The last group of parameters that presented significant difference was slenderness based on the ratio between height and depth of the vertebral body. The difference was present for the local measurement of T6–T12 and L4 and for the general measurement of the whole spine (T1–L5). This parameter was described by Skogland and Miller14 as the height/width ratio measure on simple radiographs. The authors found a higher ratio for AIS, than control subjects, for T6 and L4 vertebrae. Guo et al7 also found a higher height/depth ratio for T6 in AIS than controls on magnetic resonance images. These findings support the theory of slenderness. This study did not find a higher ratio for P AIS. On the contrary, all height/depth ratios (for T6–T12–L4 and whole spine) were higher for NP AIS, and the height/width of L4. Despite that no real explanation could be found, this is not considered a random finding as all ratios are statistically significant between P and NP AIS.
Villemure et al10 found a concomitant progression between curve severity and 3D vertebral body wedging. This study did not reveal any differences in vertebral wedging for P and NP AIS, likely because the magnitude of the Cobb angle was the same at the initial visit. Additional longitudinal analyses of the cohort could eventually confirm this finding.
A limitation of this study is the small values found for the difference between the 2 groups.

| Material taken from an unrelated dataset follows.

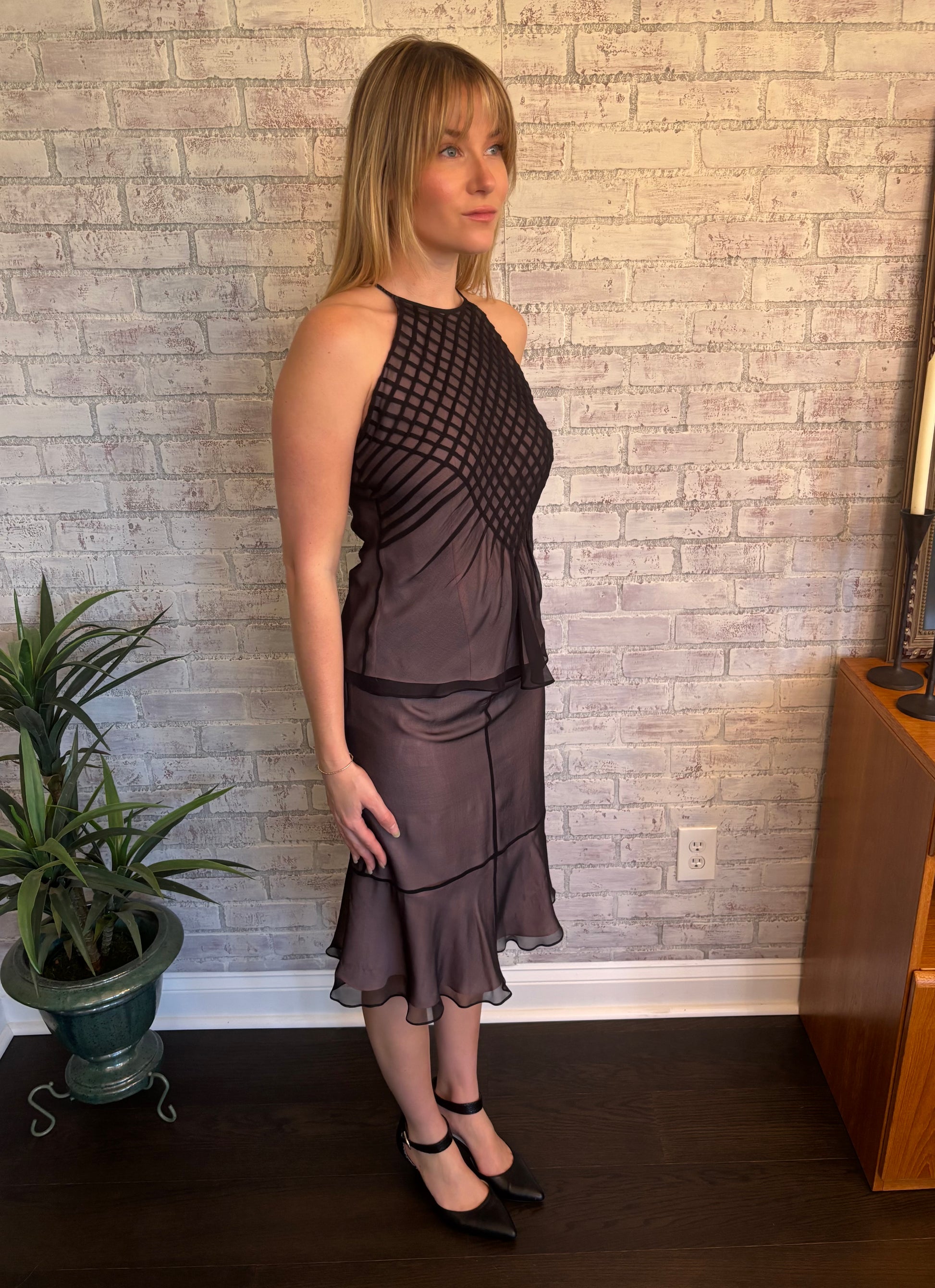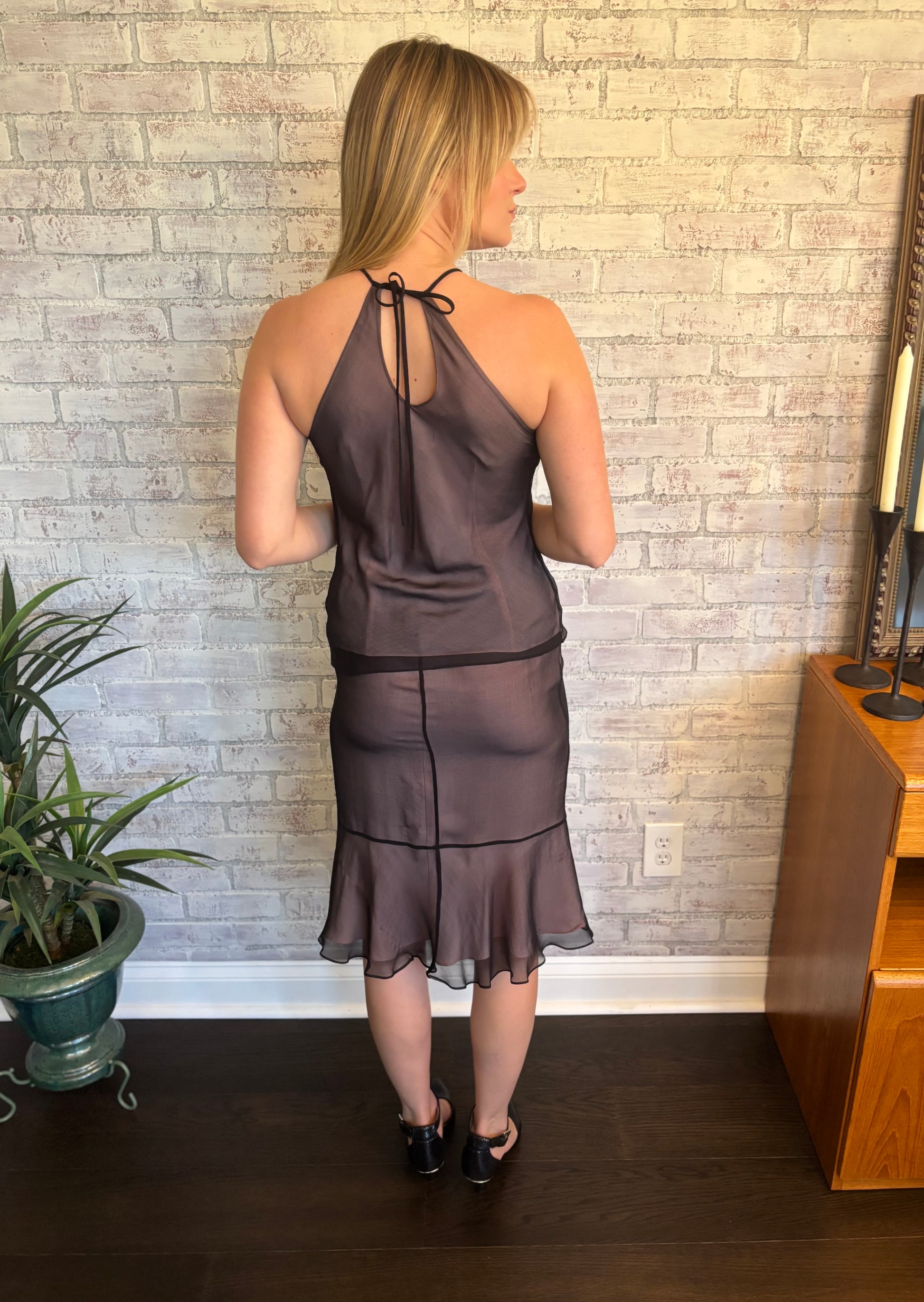 Insane vintage 90s 100% silk set, including a halter top and ruffle hem midi skirt. This set is fully lined. Marked a size 4 and fits true to size.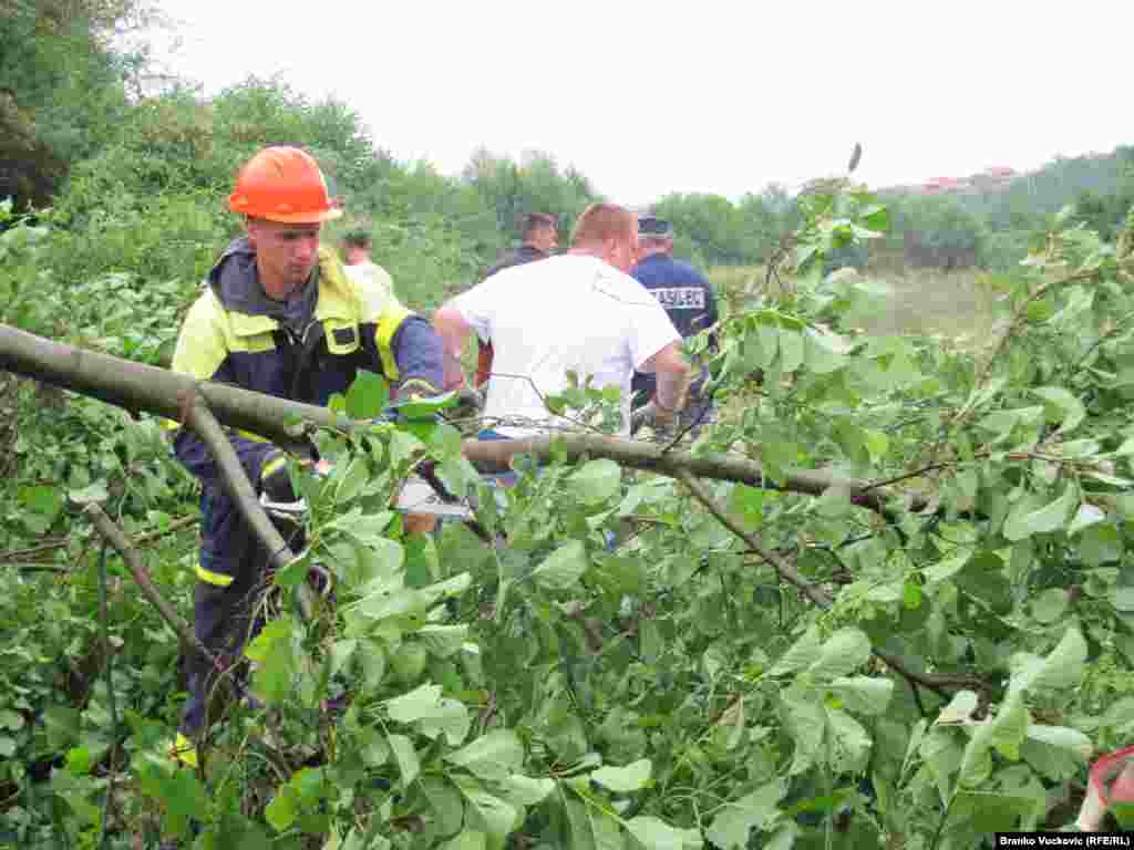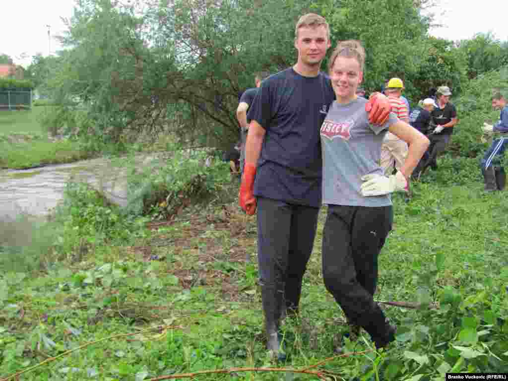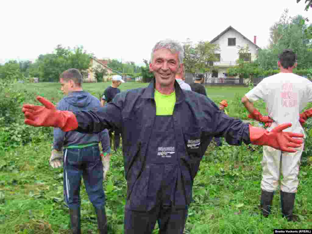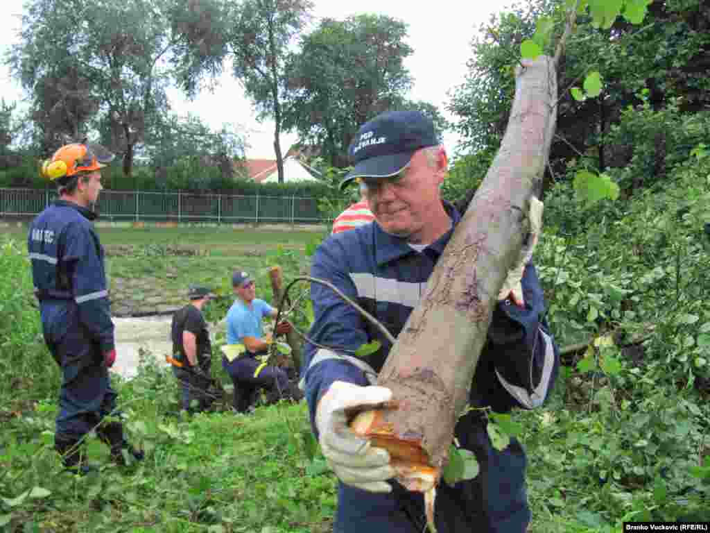 Pedeset akcijaša iz Slovenije, Makedonije i Srbije, kako nekadašnjih, tako i onih iz mlađe generacije, okupili su se kako bi radili na uređenju korita reka, sanaciji oštećenih puteva i pomogli gde bude potrebno. Avgust 2014. RSE foto / Branko Vučković

Larger differences were not expected because all patients evaluated at the first visit presented with similar Cobb angle curves less than 40°. Consequently, classic parameters such as curve magnitude, curve type, and skeletal maturity would not have been of any help in predicting progression of deformation.
A strength of this study is that it has been designed prospectively, and the 2 groups were equivalent at the first visit and all data were collected in the majority of patients. Subsequently, the sample size is greater possibly contributing to the successful identification of significant differences between P and NP groups.

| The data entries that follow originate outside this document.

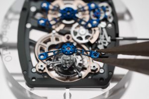 Aus technischer Sicht ist das Neue an der RM 16-02 die Architektur und Ausführung eines bestehenden Gehäuseprofils und Uhrwerks. Richard Mille bezeichnet das Uhrwerk im Inneren der RM 16-02 als „neu“, was daran liegt, dass es so viele neue Teile hat. Die meisten Leute gehen davon aus, dass ein neuer Motor anders funktioniert, und meines Wissens hat das beeindruckende Kaliber CRMA9 von Richard Mille eine ähnliche Leistungsarchitektur wie andere Uhrwerke, konzentriert sich aber eher auf die Verwendung neuer Brücken- und Teilestile, um ein frisches Gefühl zu erzeugen. Das Unternehmen hat sich wirklich auf das eckige Thema der Uhr konzentriert, da dieses Konzept die Form des Zifferblatts, des Uhrwerks und sogar des automatischen Rotors definiert. Das bedruckte Zifferblatt aus Saphirglas und die farbigen Titanbrücken sind alle maßgeschneidert für die RM 16-02 und dienen ausschließlich einer interessanten Ästhetik und dem Versuch, dem Markt etwas Frisches und Neues anzubieten. Unternehmen wie Richard Mille haben als Uhrmacher der Spitzenklasse eine echte Verpflichtung, immer wieder neue Looks zu erfinden und mit ihnen zu experimentieren.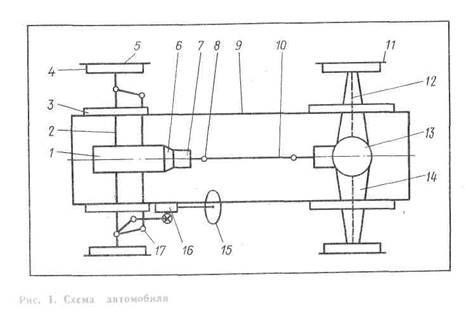 Современный автомобиль относится к сложным машинам. Количество деталей автомобиля измеряется тысячами. Тем не менее у большинства ав-томобилей принципы устройства и действия их элементов, а также общая схема одинаковы. Поэтому для облегчения изучения устройства автомобиля можно воспользоваться некоторым условным упрощением как в соответст-вующих схемах всего автомобиля, так и его элементов.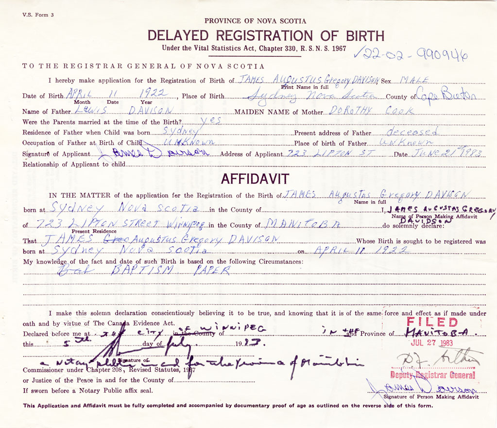 I hereby make application for the Registration of Birth of James AugustusDavison Sex Male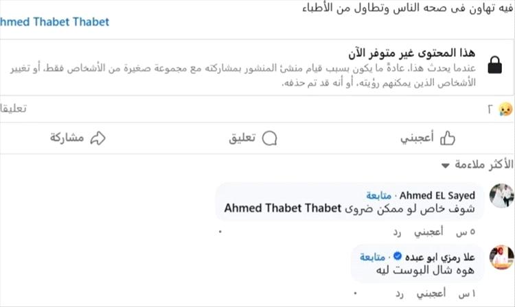 وكتب أحمد ثابت، عبر حسابه الشخصي بموقع "فيسبوك"، منشورًا استغاث فيه قائلاً: "في مصيبة حاصلة مع أمي في مستشفى بالمهندسين بالجيزة، ومفيش تمريض وبيقول لأمي يا مجنونة، وسايب أمي طول الليل من غير غيار والبول مغرقها طول الليل، والدكتور مربط إيدها يمين وشمال زي المجرمين، والدكتور يسيبني ويمشي وجالها انهيار عصبي".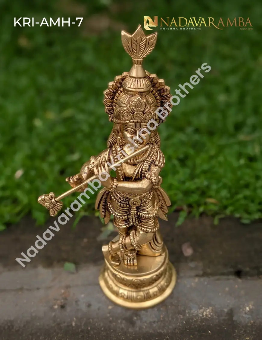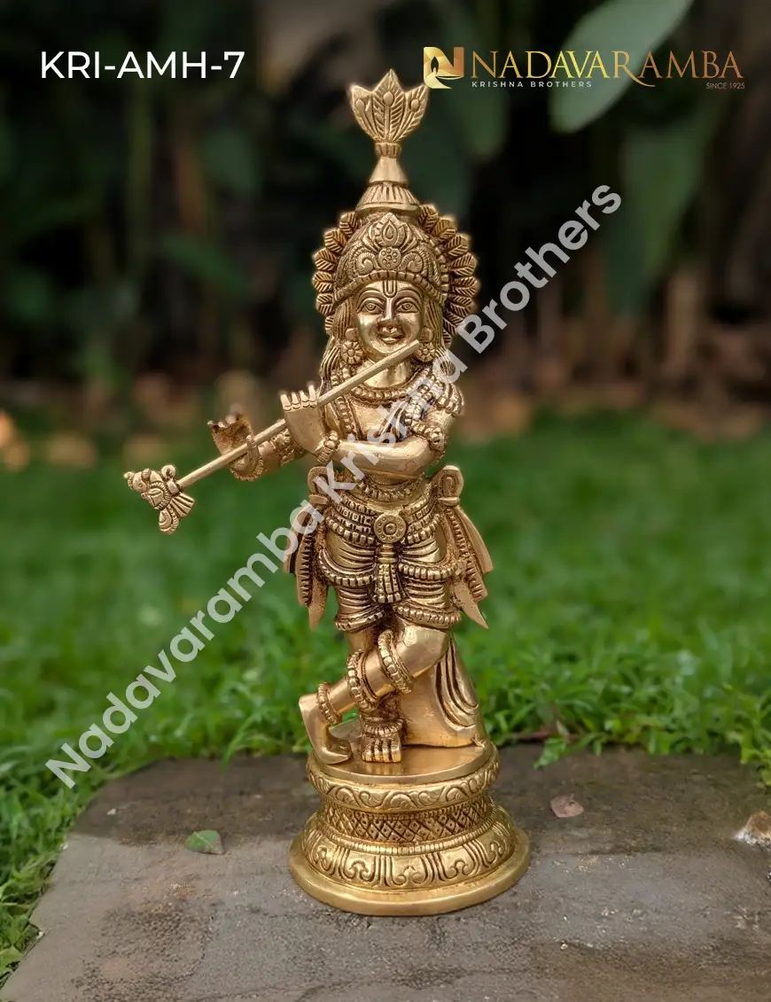 Bring home the essence of devotion, music, and eternal charm with this stunning Lord Krishna idol – Superfine New Model (KRI-AMH-7). Elegantly crafted with a big round base, this statue features Lord Krishna in his iconic flute-playing posture, exuding serenity and spiritual grace.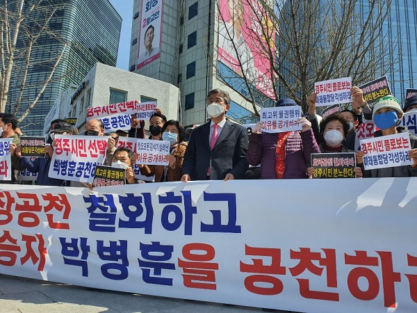 [½Ã»çÄÚ¸®¾ÆÀú³Î À̵¿¿ì ±âÀÚ] ¹Úº´ÈÆ ¿¹ºñÈĺ¸(¹Ì·¡ÅëÇÕ´ç °æÁÖ½Ã)¿Í ÁöÁöÀÚ 100¿©¸íÀº 27ÀÏ, ¹Ì·¡ÅëÇÕ´ç Ȳ±³¾È´ëÇ¥ ¼±°Å»ç¹«¼Ò¿Í ±¹È¸¿¡¼ ±âÀÚȸ°ßÀ» ÇÏ°í “°æÁֽùΠ¶æÀ¸·Î È®Á¤µÈ °øÃµÀ» °Á¦·Î µÚ¾þÀº ¹Ì·¡ÅëÇÕ´ç ÃÖ°íÀ§¿Í °ø°üÀ§´Â Áï½Ã ´çÇå, ´ç±Ô¿¡ ÇÕ´çÇÑ °á°ú·Î ½ÃÁ¤Á¶Ä¡¸¦ Ç϶ó”°í Ã˱¸Çß´Ù°í ¹àÇû´Ù.

To our knowledge, this is the first study that has evaluated 3D morphological spine parameters at the first visit with positive findings. This could become of crucial importance for the follow-up planning of patients with AIS after their first visit.
- Progressive AIS is hypokyphotic at the initial visit compared with an equivalent NP group.
- There is significant difference between nonprogressive and progressive AIS with respect to the plane of maximal curvature, torsion and apical intervertebral rotation at the first visit.
- Slenderness based on the depth of the vertebral body is higher, using local and regional measures, for nonprogressive AIS at the first visit.